Search code examples
rdataframedummy-variable

Imputing NAs for factorial variables NAs & Converting them to dummy variables


I have a dataframe, in which some of the variables (columns) are factorial, when for some records I have missing values (NA).

Questions are:

  1. What is the correct approach of replacing\imputing NAs in factorial variables?

    e.g VarX with 4 Levels {"A", "B", "C", "D"} - What would be the preferred value to replace NAs with? A\B\C\D? Maybe just 0? Maybe impute with the level that is the majority for this variable observations?

  2. How to implement such imputation, based on answer to 1?

  3. Once 1&2 resolved, I'll use the following to create dummy variables for the factorial variables:

     is.fact <- sapply(my_data, is.factor)
     my_data.dummy_vars <- dummy.data.frame(my_data[, is.fact], sep = ".")
    

Afterwards, how do I replace all the factorial variables in my_data with the dummy variables I've extracted into my_data.dummy_vars?

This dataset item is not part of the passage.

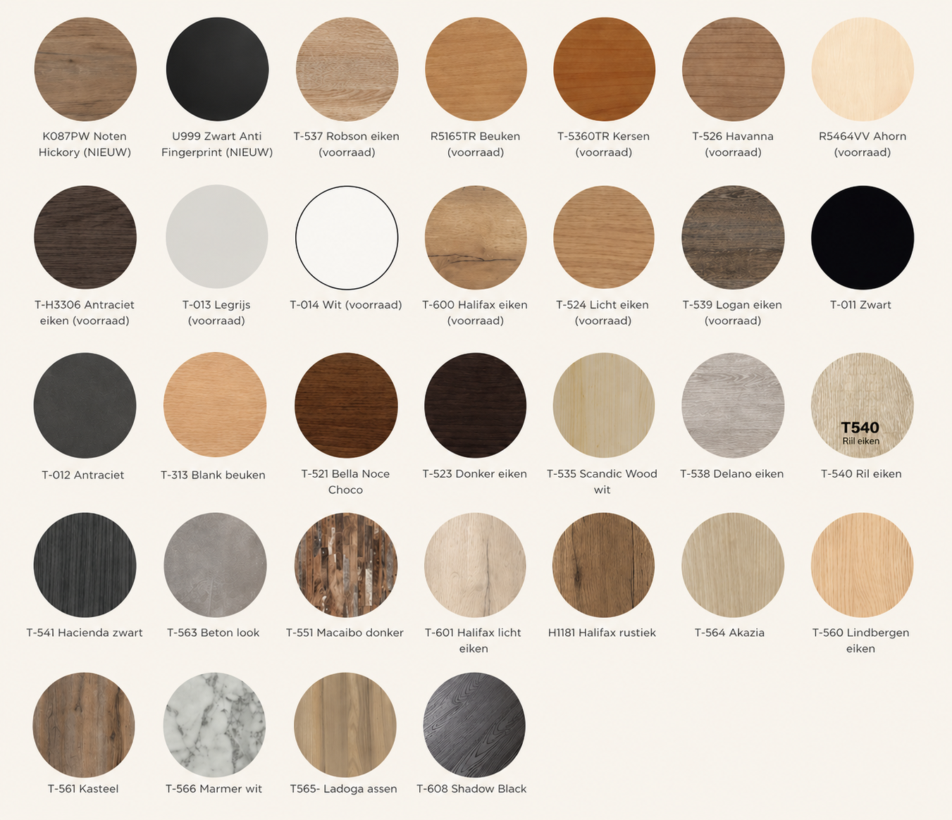 Bij een hoogte van 73.5 cm biedt deze tafel een comfortabele werkplek en met een 25mm dikke MDF kern ben je verzekerd van een duurzaam oppervlak. Het werkblad is rondom afgewerkt met een sterke 2mm dikke PVC stootrand, waardoor slijtage nauwelijks kans krijgt. Voor wie waarde hecht aan een strak en vlekvrij uiterlijk, is de optie voor een extreem mat zwart werkblad de perfecte keuze. Laat je niet storen door reflecties of vingerafdrukken en focus volledig op de inhoud van je vergadering.

My use case is to calculate principal components afterwards (Which needs all variables to have numerical values, thus the dummy variables)

Thanks


Solution

  • Thanks for clarifying your intentions - that really helps! Here are my thoughts:

    1. Imputing missing data is a non-trivial problem, and maybe a good question for the fine folks at crossvalidated. This is a problem that can only really be addressed in the context of the project, by you (the subject-matter expert). A big question is whether missing values are missing at random, or as a function of some other variables, and whether these are observed or unobserved. If you conclude that they're missing as a function of other (observed) variables, you might even consider a model-based approach, perhaps using GLM. The easiest approach by far (and if you don't have many missing values) is to just delete these rows with something like mydata2 <- mydata[!is.na(TheFactorInQuestion),] I'll say it again, imputation of missing data is a non-trivial problem that should be considered carefully and in context. Perhaps a good approach is to try a few methods of imputation and see if (and how) your inferences change. If they don't change (much), you'll know you don't need to worry.

    2. Dropping rows instead could be done with a fairly simple mydata2 <- mydata[!is.na(TheFactorInQuestion),]. If you do any other form of imputation (in a sense, "making up" data), I'd advocate thinking long and hard about doing that before concluding that it's the right decision. And, of course, it might be.

    3. Joining two data.frames is pretty straightforward using cbind, something like my_data2 <- cbind(my_data, my_data.dummy_vars). If you need to remove the column with your factor data, my_data3 <- my_data2[,-5] if, for example, the factor data is in column 5.